Why Bonds Are Behaving Like Risky Assets, by MN Gordon

Bonds are always risky assets. People just forget that after an almost 40-year bull market. From MN Gordon at economicprism.com:

“When the [credit] delusion breaks, people all with one impulse hoard their money, banks all with one impulse hoard credit, and debt becomes debt again, as it always was.  Credit is ruined.”

– Garet Garrett, 1932, A Bubble that Broke the World

Down, Down, Down

Third quarter 2022 ends today [Friday].  We’re entering the year’s home stretch.  Thus, we’ll take a moment to observe where money and markets have been, so we can conjecture as to where they’re going.

To begin, United States stock markets are in an epic battle between bulls and bears.  For most of the year, the bears have been delivering heavy blows.  But the bulls have not taken their punches lying down.  Here’s a quick review of the three major U.S. Indexes…

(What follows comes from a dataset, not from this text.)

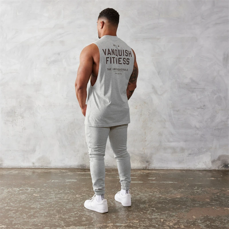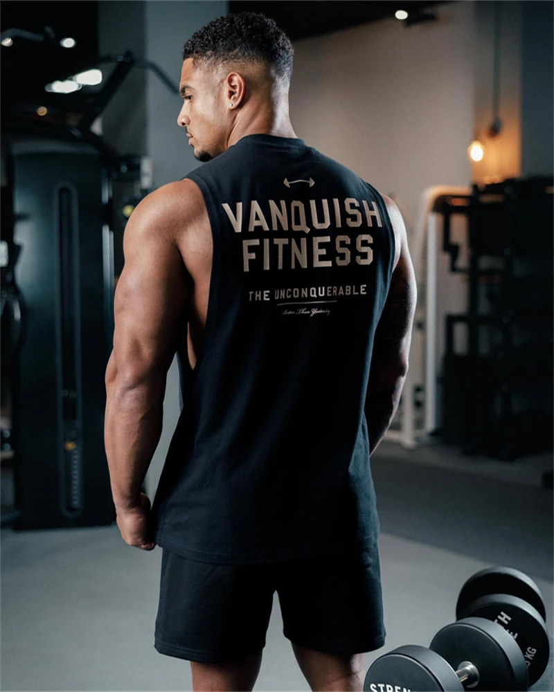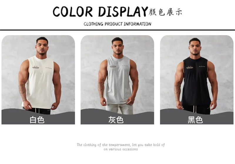 Color: WHITE, Size: XXXL - Gym exercise fitness sports men's vest cotton wide shoulder round neck sleeveless shirt slim casual men's wear

After peaking out on January 4, 2022, at 4,814.62 the S&P 500 declined 24.46 percent to an interim bottom of 3,636.87 on June 17, 2022.  The DJIA fell approximately 19.71 percent over this time.

The NASDAQ’s decline commenced on November 22, 2021, at a peak of 16,212.23.  It then cascaded to an interim bottom of 10,565.14 on June 16, 2022, for a top to bottom decline of 34.83 percent.

The indexes then rallied into mid-August.  Many investors thought the bear market was over.  They invested accordingly.  But, alas, it was merely a sucker’s rally.  September was ugly.